— WORK TASK —
Everything in the listing should be copied exactly, save for the pictures.

[SOURCE MATERIAL Boundary: Start]

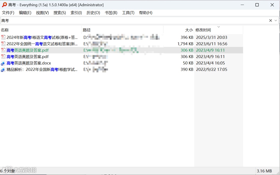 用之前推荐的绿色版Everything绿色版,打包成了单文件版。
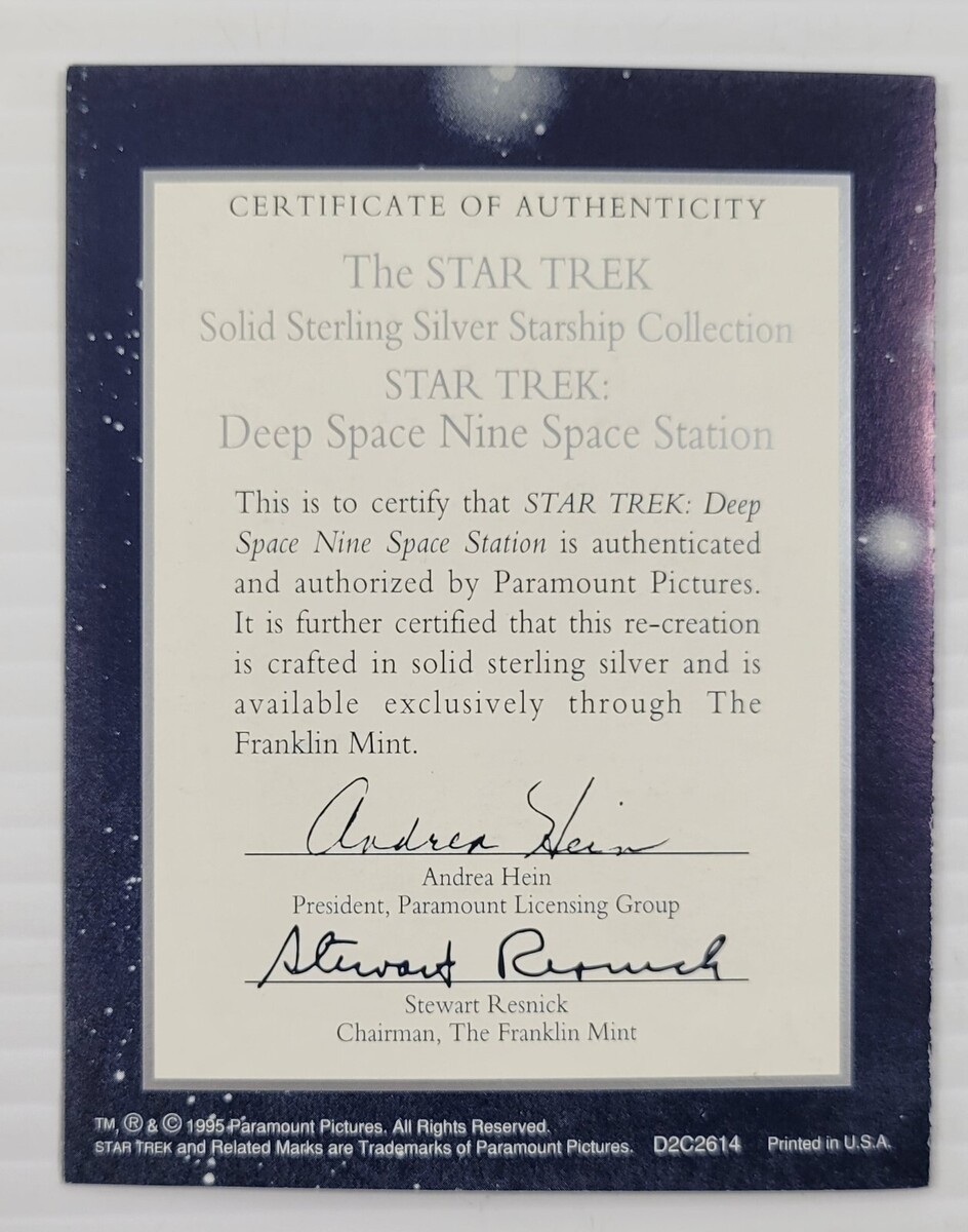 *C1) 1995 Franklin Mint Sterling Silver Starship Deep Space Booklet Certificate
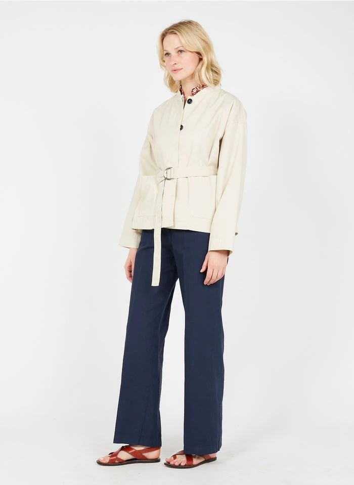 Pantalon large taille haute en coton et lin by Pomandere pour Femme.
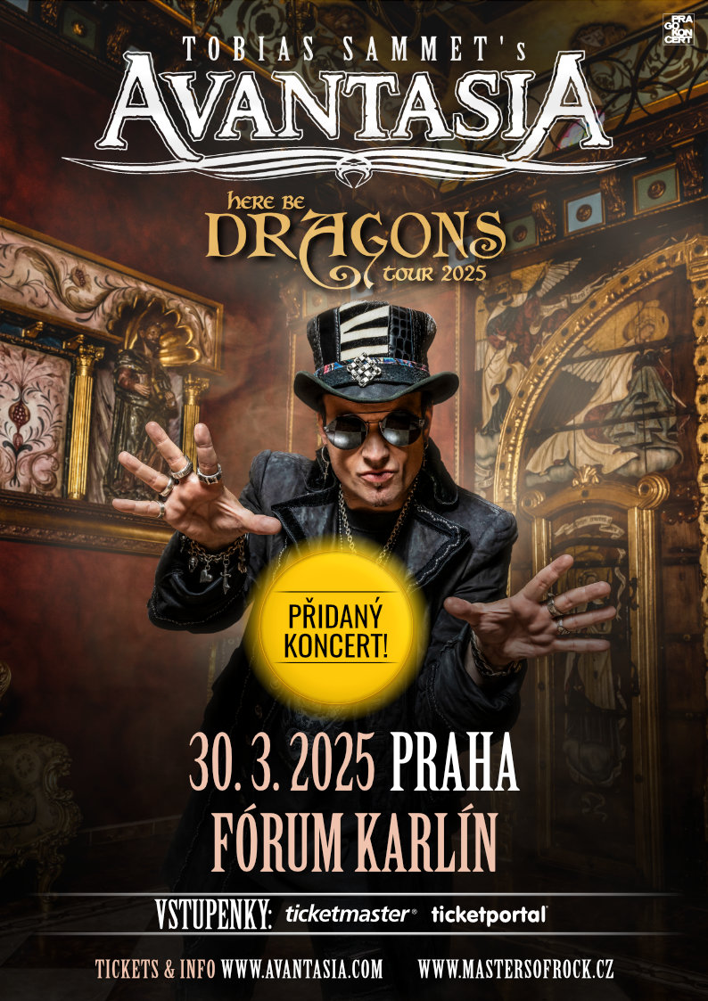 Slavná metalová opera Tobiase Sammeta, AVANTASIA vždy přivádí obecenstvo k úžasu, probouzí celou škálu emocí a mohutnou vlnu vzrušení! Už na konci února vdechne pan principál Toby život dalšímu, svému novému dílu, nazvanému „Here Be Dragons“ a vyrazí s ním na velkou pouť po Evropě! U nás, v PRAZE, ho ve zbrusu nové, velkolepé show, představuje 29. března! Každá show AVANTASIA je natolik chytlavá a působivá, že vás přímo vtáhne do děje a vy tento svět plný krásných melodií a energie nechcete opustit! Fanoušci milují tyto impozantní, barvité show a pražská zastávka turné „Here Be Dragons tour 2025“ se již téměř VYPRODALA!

[SOURCE MATERIAL Boundary: End]

— TASK OUTPUT —
 用之前推荐的绿色版Everything绿色版,打包成了单文件版。
 *C1) 1995 Franklin Mint Sterling Silver Starship Deep Space Booklet Certificate
 Pantalon large taille haute en coton et lin by Pomandere pour Femme.
 Slavná metalová opera Tobiase Sammeta, AVANTASIA vždy přivádí obecenstvo k úžasu, probouzí celou škálu emocí a mohutnou vlnu vzrušení! Už na konci února vdechne pan principál Toby život dalšímu, svému novému dílu, nazvanému „Here Be Dragons“ a vyrazí s ním na velkou pouť po Evropě! U nás, v PRAZE, ho ve zbrusu nové, velkolepé show, představuje 29. března! Každá show AVANTASIA je natolik chytlavá a působivá, že vás přímo vtáhne do děje a vy tento svět plný krásných melodií a energie nechcete opustit! Fanoušci milují tyto impozantní, barvité show a pražská zastávka turné „Here Be Dragons tour 2025“ se již téměř VYPRODALA!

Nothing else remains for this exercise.